UK warned there will be 'no special treatment' on exit negotiations

EU leaders react to historic British vote to leave EU.

EU leaders react to historic British vote to leave bloc | Photo credit: Fotolia

By Martin Banks

Martin Banks is a senior reporter at the Parliament Magazine

24 Jun 2016

In his first response to the vote that signals a new dawn for both the UK and EU, European Parliament President Martin Schulz said he would speak with German Chancellor Angela Merkel "on how we can avoid a chain reaction" of other EU states following the UK's exit path.

"The chain reaction that is being celebrated everywhere now by eurosceptics won't happen," he said, adding, that the UK had now "cut its ties" to the biggest single market in the world.

Amid fast moving political developments to the result, Schulz said he expected negotiations over Britain's departure to start soon, saying, "The United Kingdom has decided to go its own way. I think the economic data show this morning that it will be a very difficult way."


“I expect that negotiations on the exit will now begin quickly," he said, noting a fall in Sterling after the referendum result became clear. "I don't want the euro to experience something similar.”

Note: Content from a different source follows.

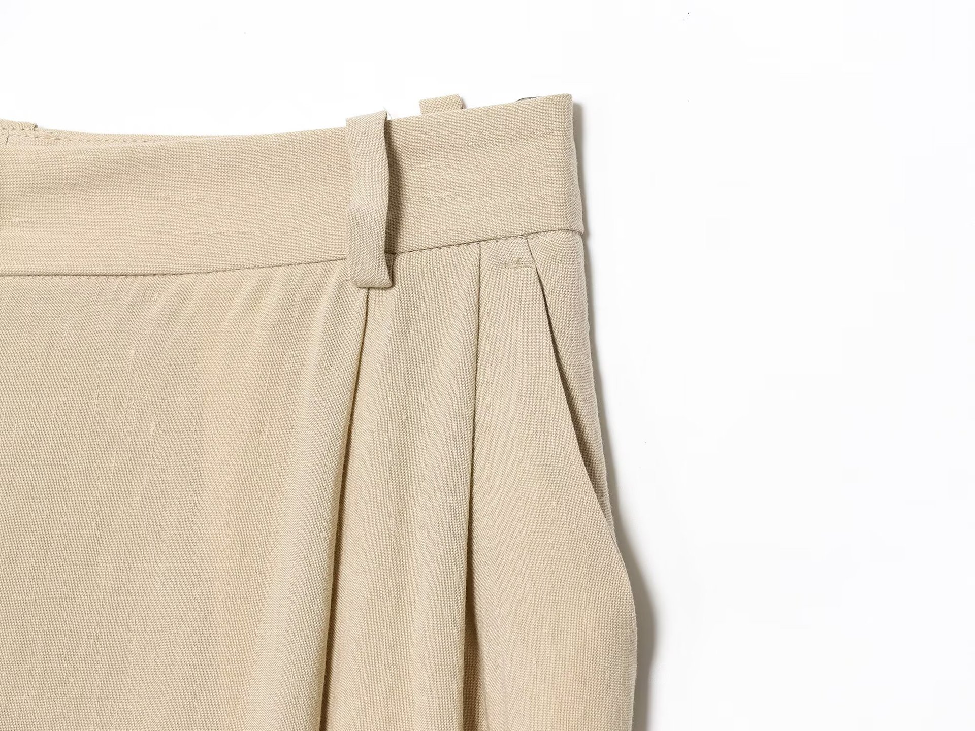 2025 новая женская одежда в европейском и американском стиле, костюм из смесового льна, пиджак и плиссированные брюки 3478848 3479848

Scottish First Minister Nicola Sturgeon moved quickly to announce that a second Scots referendum on independence was now “very likely.” 

Her comments came after every voting area in Scotland backed remaining in the EU in contrast to much of England.

Sturgeon said “all options will be explored” in the coming days and weeks and that a second referendum, probably within the next two years, was the "best and only way to protect" Scotland's interests.

European Commission President Jean-Claude Juncker said, "In a free and democratic process, the British people have expressed their wish to leave the European Union. We regret this decision but respect it."

“This is an unprecedented situation but we are united in our response. We will stand strong and uphold the EU's core values of promoting peace and the well-being of its peoples. The Union of 27 Member States will continue. The Union is the framework of our common political future. We are bound together by history, geography and common interests and will develop our cooperation on this basis."

“Together we will address our common challenges to generate growth, increase prosperity and ensure a safe and secure environment for our citizens. The institutions will play their full role in this endeavour.”

Further comment came from French President Francois Hollande who called the result a “sad choice” while German Chancellor Angela Merkel, speaking in Berlin, expressed “great regret.”

Merkel said, “Let us not forget the reason why the EU is based on peace after centuries of bloodbath and violence. This is not something we can take for granted.”

“It is important that we stay calm and composed. The EU is strong enough to give the right responses today and I will work for that.”

She said she would have talks with other EU leaders on the result next Week in Brussels.

On Tuesday, the European Parliament will hold an extraordinary plenary session to assess the outcome.  All the parliament's planned committee meetings for the Monday have been cancelled to allow MEPs to prepare for the special gathering.

Leader of the parliament's largest political grouping, EPP chairman Manfred Weber, who will lead the debate, said that Britain's exit negotiations “should be swiftly concluded, within the two-year deadline, as defined in the Lisbon Treaty, respecting the democratic decision of the British voters.”

Weber added that, “there cannot be any special treatment for the United Kingdom. The British people have expressed their wish to leave the EU. Leave means leave".

Foreign ministers from the six founding members of the EU including Belgium, will also meet in Berlin on Saturday to discuss the outcome.

Meanwhile, the Kremlin has issued a statement saying Russia “hopes the UK will understand the need for better relations” with Moscow.

The mayor of Moscow told Russian media that he believes the decision will now lead to an erosion of EU support for sanctions against Russia in wake of the conflict in Ukraine.